From app applications to big model application ecosystems, big model application vendors have reached a stage where they need to demand computing power from chips.
The opportunity for mobile side AI has brought together two industries that originally had little intersection.
Zhang Li, Senior Director of Ecological Development of MediaTek’s Wireless Communication Business Unit, told reporters at a developer conference that some large model manufacturers have seen the transition from app applications to large model application ecosystems, and have reached a stage where computing power is needed for cloud chips and terminal chips.

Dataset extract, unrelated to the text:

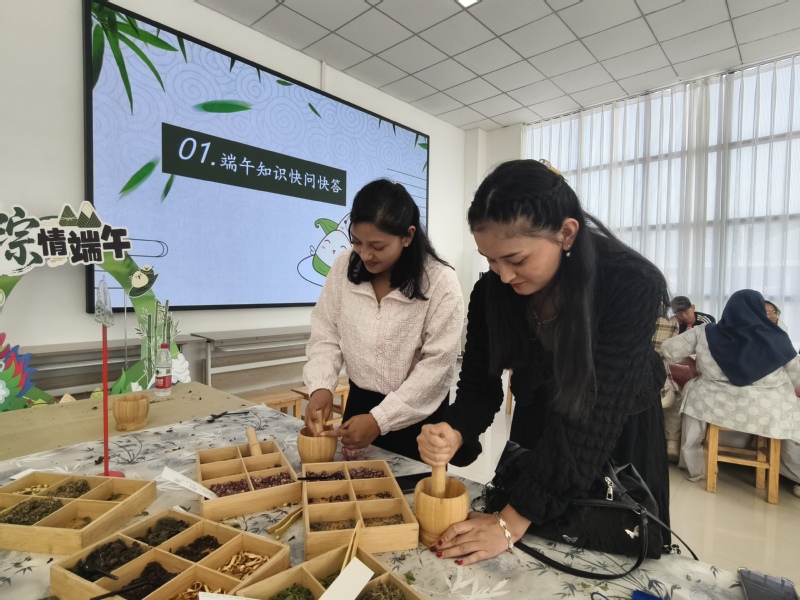 艾草香包的DIY环节洋溢着趣味与创意。留学生们精心挑选新鲜的艾叶,并搭配印有“平安喜乐”“百毒不侵”等吉祥文字的装饰品,亲手制作出可供悬挂的香包。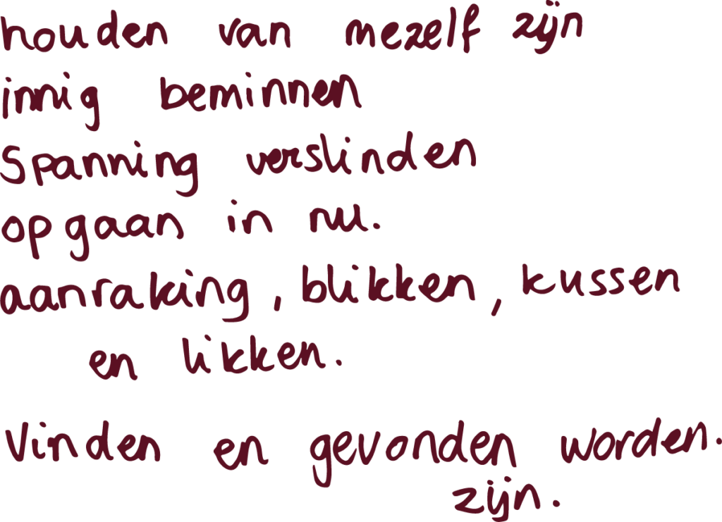 [R]: Vrijer dan ooit. Eigenlijk op alle vlakken vrijer dan ooit. Dus van hoe ik seks in de praktijk breng samen met Tijn, met mezelf tot en met gender. Dat laatste heeft alles en ook niets te maken met seksualiteit, maar daar voel ik me ook vrijer in dan ooit. Ik voel die vrijheid ook in de rol van speeltjes in mijn en ons seksleven tot en met de rollen die wij durven aan te nemen daarbinnen. En dat gewoon te laten zijn.

Recently, MediaTek has launched the “Dimensity AI Pioneer Program” and provided relevant developer solutions to support large model manufacturers in implementing end-to-end AI technology and innovating end-to-end generative AI applications. In Zhang Li’s view, in the near future, generative AI and chips will be strongly correlated.
Over the past year, as generative AI moves from the cloud to the terminal, chip companies like MediaTek have begun to smell more opportunities. They gradually discovered that,
Unlike large server clusters in the cloud, smart terminals used to be limited by miniaturization and computing power, but their unique advantage lies in having better privacy. The industry is gradually seeing the potential of end-to-end AI scenarios such as AI smartphones, AI PCs, and smart cars. More importantly, when large models are installed in smartphones, large model enterprises can deploy AI locally to avoid expensive cloud computing costs.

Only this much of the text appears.